The skin market finally entered the final stages of the double face production season in Turkey and this was reflected in sharply falling prices for double face lambs. In the UK and Ireland prices fell by up to £2.00 ($3.35) per piece, though nappa skins found more interest with prices  holding just about steady. In fact, there was a fair amount of interest for nappa skins, leading us to believe this market will continue to hold pretty well.  But double face lambs will face further resistance if rumours of the existence of decent stocks of semi and finished products are to be believed.

 

The next two weeks will be quite interesting. US suppliers will be required to prove their  sales position so as to ensure their credibility. But if their need to sell arrives sooner than they anticipate, they could find themselves being caught out by the tanners. 

 

We haven’t changed our opinion. In the run-up to the Bologna fair and maybe even slightly beyond buyers will do anything to talk market prices down. With the poor state of the tanning industry in Italy and with the industry still beset by financial woes, we are not expecting a vintage Lineapelle.  At least this leaves the field open to short term bargain hunters.

 

Looking beyond mid November we can see that the European kill will decline again while supply from other regions of the world will remain low.
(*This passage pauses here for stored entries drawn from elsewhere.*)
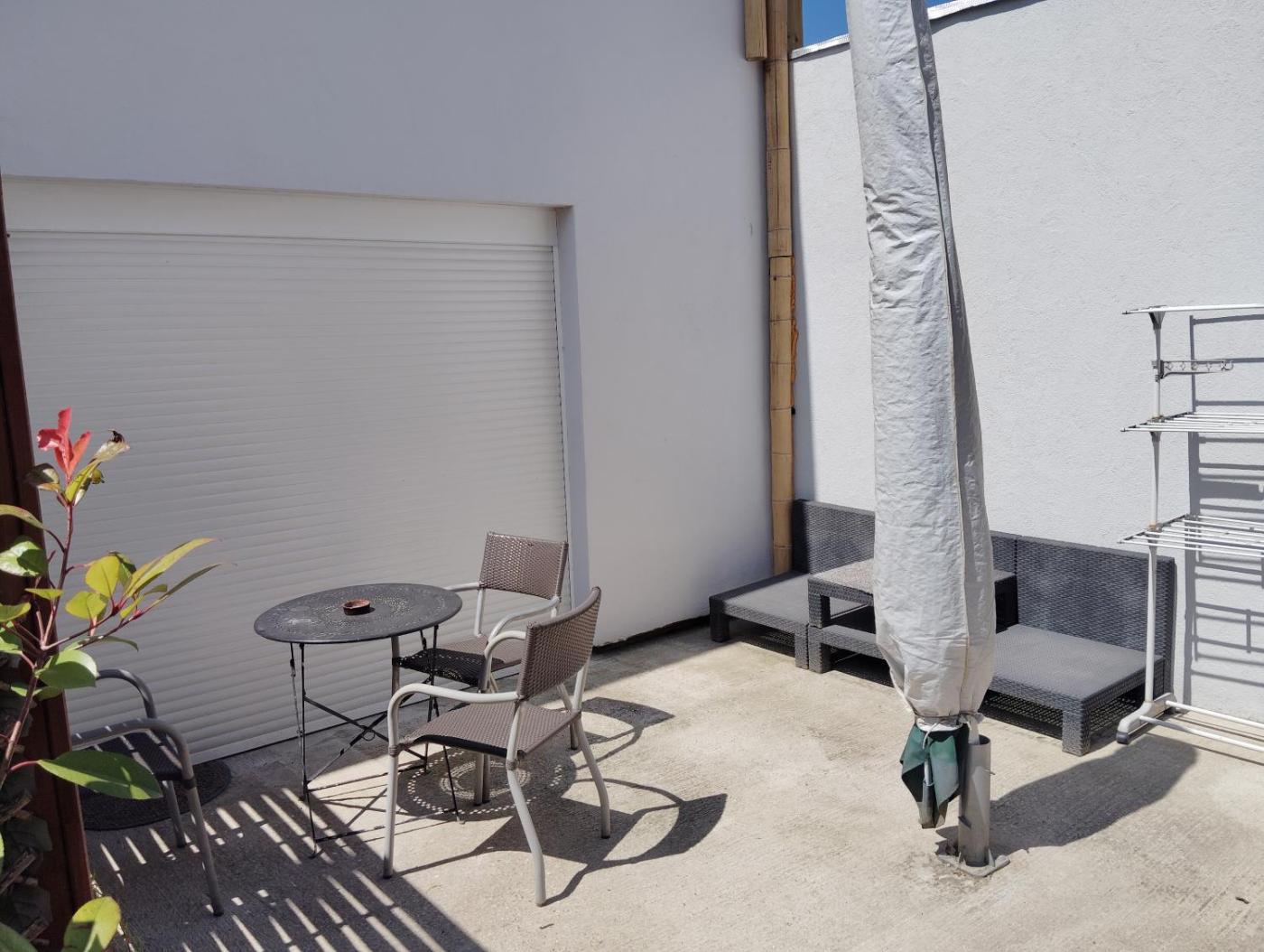 Studio avec Terrasse. Guests can make meals in the kitchenette that is fitted with a stovetop, a refrigerator, kitchenware and a microwave. The studio offers a washing machine, soundproof walls, a terrace with garden views as well as a private bathroom featuring a shower. The unit offers 1 bed. ;
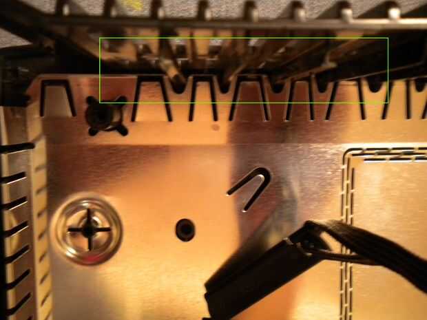 Además, usted tendrá que quitar el plástico desde el interior de la caja superior, hay bits levantados de las rejillas de ventilación en el interior de la caja. (Foto 2)
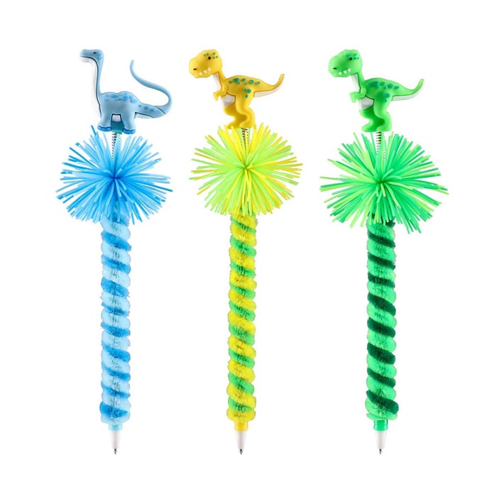 Pen SAZIO MACY with attractive design and decorative element in the shape of a dinosaur located at the top of the model.The pen is made of plastic and writes with blue ink, providing smooth and comfortable writing.It is suitable for everyday use in school, office or home and is distinguished by an original vision that makes it an interesting accessory for writing.
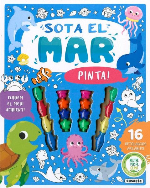 Juga i crea amb aquest llibre, que té 30 pàgines amb escenes diferents del mar perquè les pintis amb les pintures que l'acompanyen. Aquest llibre no conté plàstics d'un sol ús. Ajuda'ns a tenir cura del medi ambient!
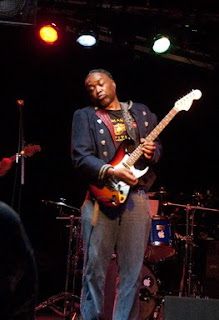Whatcha gonna do? For sure you don't want to be blasting your guitar heros with blazes of light from your mega watts on board shoe mounted studio lighting system. Rude boys might; I turn off the flash and go available light. Since most clubs are sinfully dimly lit you're going to need to set your camera to wide open, the largest aperture available. You can do this by setting the camera to aperture mode 'A', and selecting the smallest aperture available (f 3.8 - 5.6 on my Nikon 18-200 zoom). The camera will then set the correct shutter speed for you to get a good exposure. But that guitar playing is slinking around and wailing on the guitar, remember. He's going to be blurred for sure, especially those lightening fast picking and fretting hands, so you need enough speed for the shutter to stop the action. To do that you'll have to pump your camera's iso to it's highest rating (iso 1600 or higher). Wait a minute. Doesn't that creat a lot of noise in the photo? Yes it does. You can reduce it by using a noise reducing program in post production (you know, after you take the picture and it's in your computer and you fix it up)like Noise Ninja, or you can look at it like I do that the noise is just part of the arty look, like my old grainy high speed film b&w photos.

Indications for the global economy are said to be more hopeful and, barring major unforeseen events in the wider world, it would be reasonable to assume that the world economy will continue to improve throughout 2004.  

 

If this is true, then from November onwards the leather supply pipelines will need to be ready.  The Asian manufacturers will also have to decide production levels after their New Year celebrations. If leather orders are placed or expected, the hides to satisfy them will need to be shipped from December onwards. Even assuming that raw material stocks are today quite sufficient, it can be seen that the replenishment process will need to be restarted  by mid November.

 

As before, however, we see little room for raw material price increases over the next two weeks. The market continues to suffer from the discount mentality and the purchasing power of the large companies   So, currency affects notwithstanding, we would be surprised if prices changed very much.  Opportunities for bargains in Europe may be  available, but expect the pressure among suppliers to sell to ease in the second half of November.